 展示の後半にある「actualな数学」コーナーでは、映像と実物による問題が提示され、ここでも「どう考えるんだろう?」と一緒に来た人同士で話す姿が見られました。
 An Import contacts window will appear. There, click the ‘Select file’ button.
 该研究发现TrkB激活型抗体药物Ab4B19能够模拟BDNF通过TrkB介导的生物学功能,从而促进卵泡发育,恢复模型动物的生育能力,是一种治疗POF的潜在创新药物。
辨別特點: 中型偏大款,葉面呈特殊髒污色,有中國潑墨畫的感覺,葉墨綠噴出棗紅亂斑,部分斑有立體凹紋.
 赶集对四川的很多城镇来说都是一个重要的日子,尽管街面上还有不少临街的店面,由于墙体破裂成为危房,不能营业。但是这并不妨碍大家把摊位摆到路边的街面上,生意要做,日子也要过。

---*---

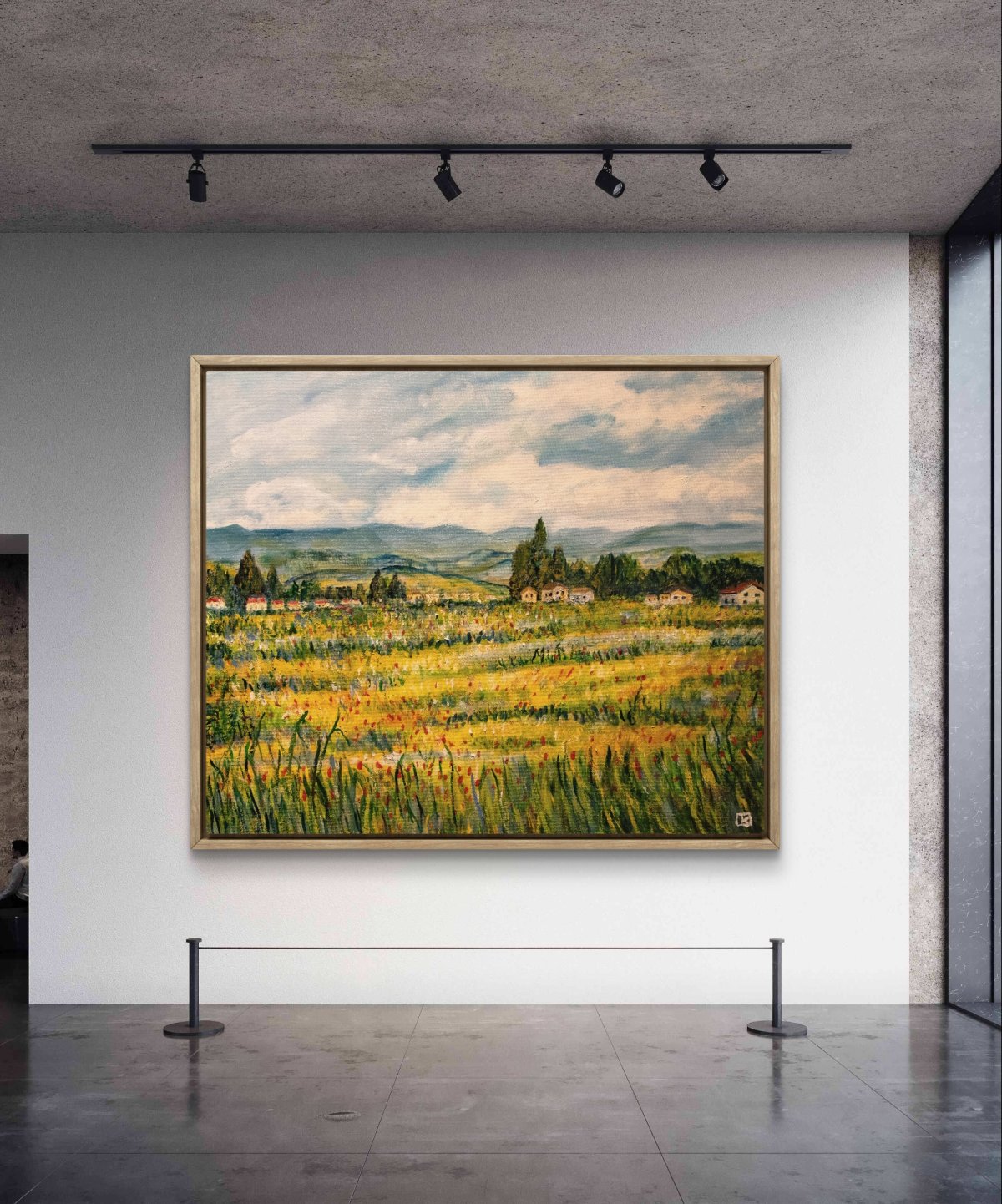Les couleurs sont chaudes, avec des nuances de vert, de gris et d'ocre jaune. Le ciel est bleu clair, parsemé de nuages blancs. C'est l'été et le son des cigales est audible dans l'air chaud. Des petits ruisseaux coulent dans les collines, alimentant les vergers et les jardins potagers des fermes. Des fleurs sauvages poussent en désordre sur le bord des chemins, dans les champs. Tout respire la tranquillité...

---*---

TASK DESCRIPTION —
Retype only the stretch of lines above starting at the one with "该研究发现TrkB激活型抗体" and stopping at the one with "赶集对四川的很多城镇来说都是", exactly as written, with both kept.

RESPONSE TO THE TASK —
 该研究发现TrkB激活型抗体药物Ab4B19能够模拟BDNF通过TrkB介导的生物学功能,从而促进卵泡发育,恢复模型动物的生育能力,是一种治疗POF的潜在创新药物。
辨別特點: 中型偏大款,葉面呈特殊髒污色,有中國潑墨畫的感覺,葉墨綠噴出棗紅亂斑,部分斑有立體凹紋.
 赶集对四川的很多城镇来说都是一个重要的日子,尽管街面上还有不少临街的店面,由于墙体破裂成为危房,不能营业。但是这并不妨碍大家把摊位摆到路边的街面上,生意要做,日子也要过。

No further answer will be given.